▶ DATASET EXTRACT

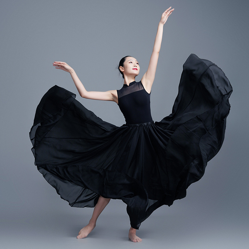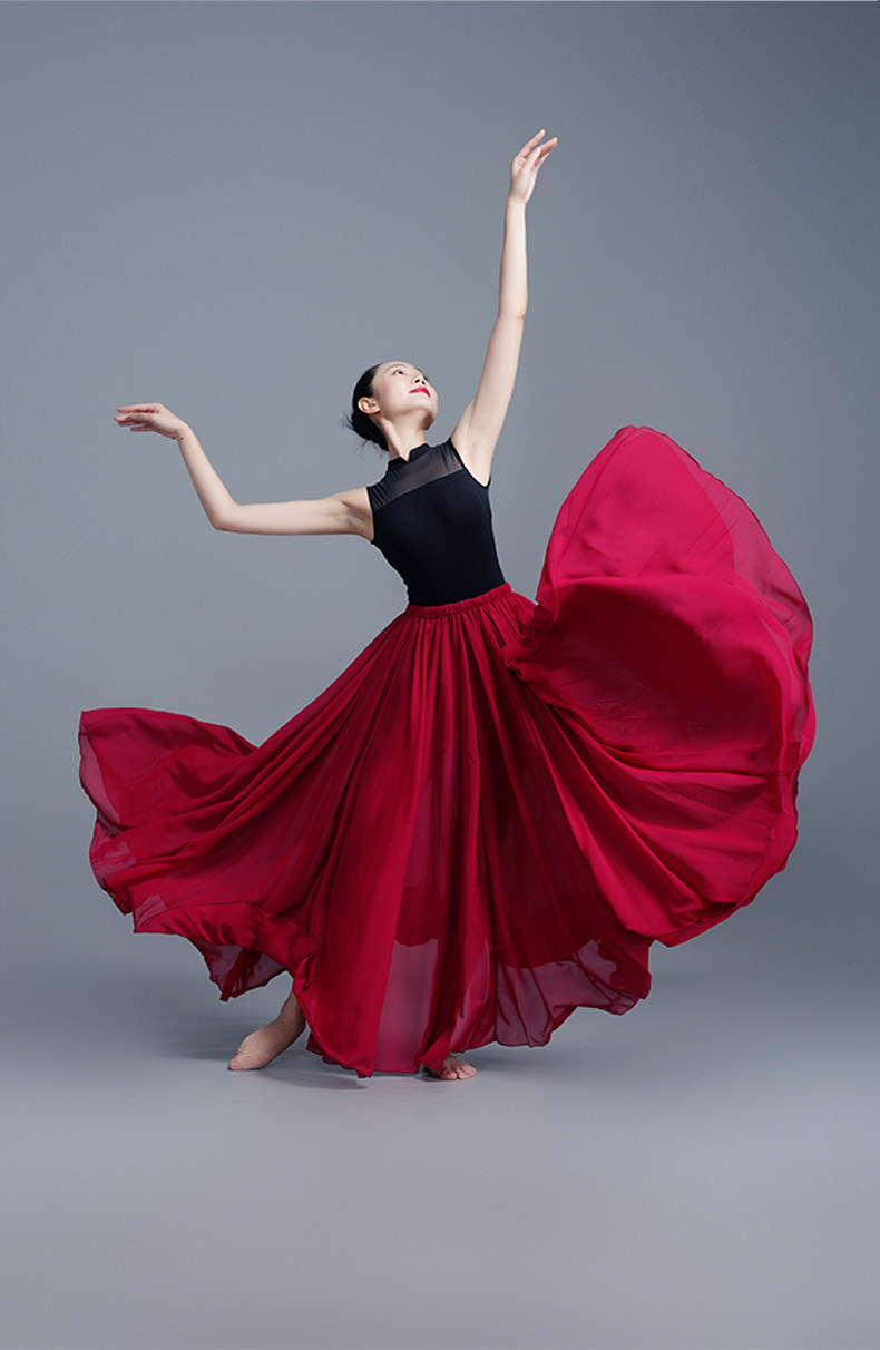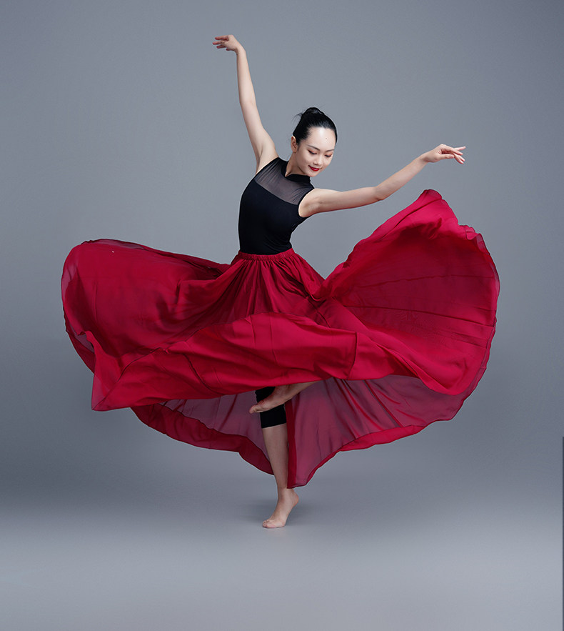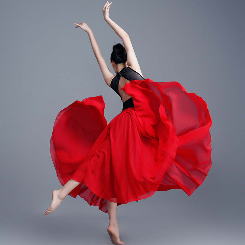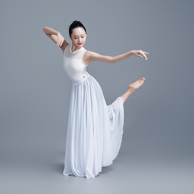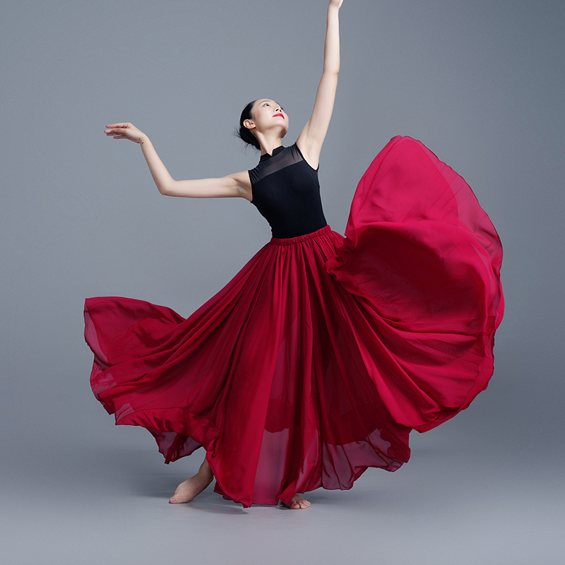 720 도 댄스 대형 원피스 신장 댄스 하프 길이 연습 원피스 현대 클래식 댄스 연습 원피스 쉬폰 롱 원피스
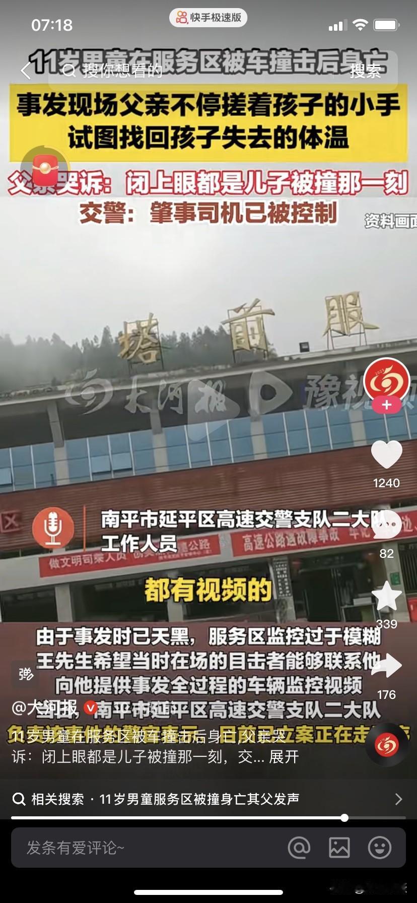 痛心,大年初六,11岁男童在服务区被撞身亡。 2026年2月22日晚上,福建省南平市延平区塔前服务区发生了一起交通事故。 王先生一家在服务区暂停时,王先生堂弟领着11岁孩子正上厕所,当堂弟领差孩子走向大厅外的斑马线时被一辆突然加速的私家车撞倒,11岁男童被撞当场身亡,堂弟被撞伤送医救治。王先生质问司机为什么开那么快?司机回答说:当时慌了。 现场看到,王先生正跪在儿子的身旁号啕大哭,他紧拽着儿子的小手不停地揉搓,试图想找回孩子刚刚失去的体温。可想而知,这位爸爸领着孩子出来旅游却没能安全的领回孩子,他怎么向爷爷奶奶交代?他心里该有多么自责崩溃? 这起交通事故带给人们的教训是:带着孩多还是尽量避开那些喧闹的地方,人满为患呀。[祈祷][祈祷]为了他人的安全,司机在人员密集的地方,一定要减速慢行。
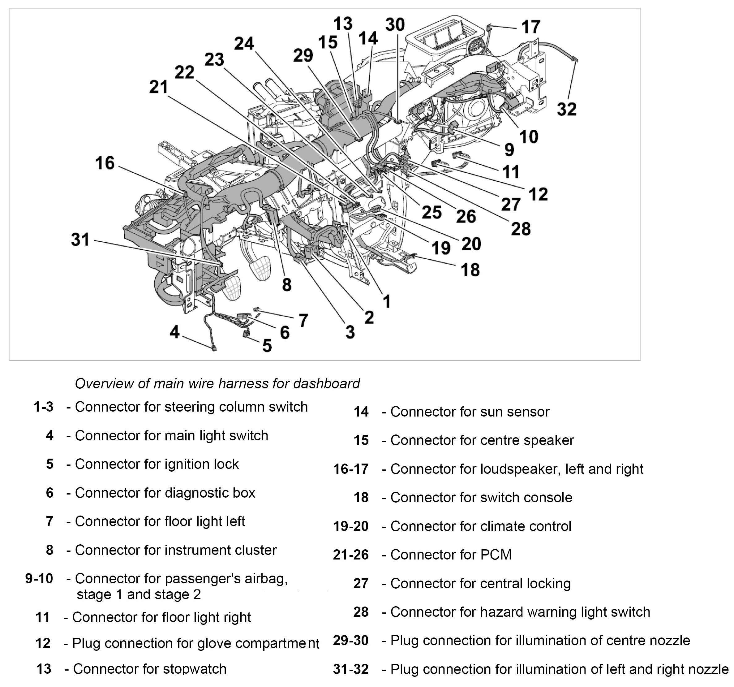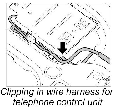 24. 1. Clip in wire harness for telephone control unit.

▶ THE PROBLEM
With the pictures excluded, restate the material exactly as it stands.

▶ TASK OUTPUT
 720 도 댄스 대형 원피스 신장 댄스 하프 길이 연습 원피스 현대 클래식 댄스 연습 원피스 쉬폰 롱 원피스
 痛心,大年初六,11岁男童在服务区被撞身亡。 2026年2月22日晚上,福建省南平市延平区塔前服务区发生了一起交通事故。 王先生一家在服务区暂停时,王先生堂弟领着11岁孩子正上厕所,当堂弟领差孩子走向大厅外的斑马线时被一辆突然加速的私家车撞倒,11岁男童被撞当场身亡,堂弟被撞伤送医救治。王先生质问司机为什么开那么快?司机回答说:当时慌了。 现场看到,王先生正跪在儿子的身旁号啕大哭,他紧拽着儿子的小手不停地揉搓,试图想找回孩子刚刚失去的体温。可想而知,这位爸爸领着孩子出来旅游却没能安全的领回孩子,他怎么向爷爷奶奶交代?他心里该有多么自责崩溃? 这起交通事故带给人们的教训是:带着孩多还是尽量避开那些喧闹的地方,人满为患呀。[祈祷][祈祷]为了他人的安全,司机在人员密集的地方,一定要减速慢行。
 24. 1. Clip in wire harness for telephone control unit.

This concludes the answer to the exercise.